Pria yang kini telah mempunyai 1 putri ini dalam hal lahan pun masih
sempat berbagi dengan warga sekitar. Dipakainya area parkir pengunjung warung
giras untuk jualan bakso, soto daging, dan nasi goreng oleh orang – orang yang bahkan
tidak ia kenal, kelihatannya akan mengurangi minat pengunjung warung giras
karena tidak tersedianya area parkir. Namun hal ini justru kebalikannya, orang
– orang yang berkunjung ternyata malah semakin ramai dengan dilengkapinya aneka
pilihan menu di warung giras tersebut. Seperempat lebih stan warung giras milik
Muchid ini digunakan untuk jualan salah satu pelanggan lamanya yang ingin juga
membuka usaha, yaitu warung nasi tempe penyet.
Secara tidak langsung, dengan berdekatannya warung – warung tadi akan
membentuk sebuah hubungan timbal – balik atau simbiosis. Hubungan seperti ini
bisa kita
katakana sebagi simbiosis mutualisme yang mana
merupakan sebuah hubungan yang saling menguntungkan.

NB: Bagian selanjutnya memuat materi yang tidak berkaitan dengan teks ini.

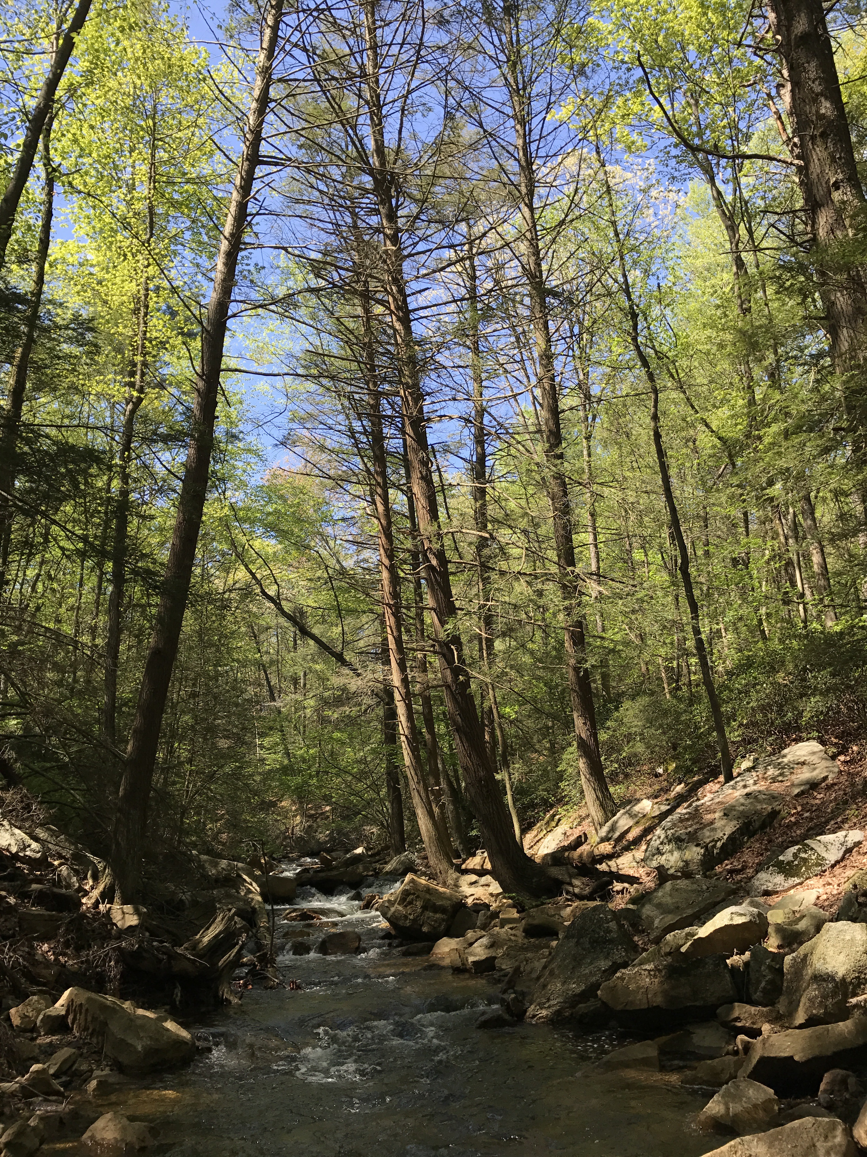 Much of the second half of today’s trail had rhododendron. I’m sad they aren’t blooming yet, and I hope I haven’t somehow timed my hike to be too early for all of my favorite forest flowers. I lost my phone signal right as I hit the stream and didn’t get it back until Chrissy and I stopped for lunch at the campground that used to be an old coal miner settlement. Or it has a trail that leads to the settlement? I’m not sure, but it has this mailbox with the trail register in it.

Ketika pelanggan yang
hendak mencari dan membeli nasi goreng, bakso, soto atau nasi tempe penyet,
maka warung giras akan menyediakan minuman segar aneka rasa.
Muchid mungkin bisa dikatakan sebagai
pengusaha yang dengan tegas menerapkan sistem perekonomian yang berlandaskan
kekeluargaan. Muchid sendiri begitu anti dengan sistem kapitalis yang semakin
menjadikan individualisme semakin terlihat tajam. Pria yang dulu sempat
meneteskan air mata takkala rombong warungnya digusur oleh Satpol PP ini
menyadari betapa tidak mengenakkannya bila perekonomian itu tak terjalani
dengan nafas kekeluargaan yang penuh dengan hamburan kepedulian terhadap sesama.
Dalam praktiknya, Muchid dan karyawan – karyawannya begitu menaruh kepercayaan
terhadap orang – orang disekitarnya. Tak peduli dia pelanggan baru atau lama.
Sehingga sangat jarang mereka untuk menghitung detail jumlah barang dagangan
yang dititipkan oleh orang – orang sekitarnya, Muchid dan karyawan –
karyawannya sangat percaya bahwa mereka adalah orang – orang yang dapat
dipercaya.
Warung giras binaan Muchid ini adalah bukti kesuksesan usaha masyarakat
kelas bawah yang sering kali dipandang sebelah mata. Manajemen yang
berlandaskan kekeluargaan ini sudah dibuktikan keampuhannya oleh Muchid yang
kini berpenghasilan sekitar Rp. 21.000.000 per – bulan dari usaha warung giras.
Kehidupan warung giras yang 24 jam non – stop kemudian dikombinasikan dengan
sistem manajemen berasaskan kekeluargaan, maka bukan hal yang mustahil usaha
warung giras yang identik dengan lingkungan kumuh ini akan senantiasa
berkembang dan bertahan. Bukan juga hal yang tidak mungkin jika dalam waktu
dekat, usaha warung giras akan dilirik banyak investor. Bagi warung – warung
kopi atau para pengusaha muda maupun tua, tirulah ketulusan Cak Muchid!. Warung giras is never dies!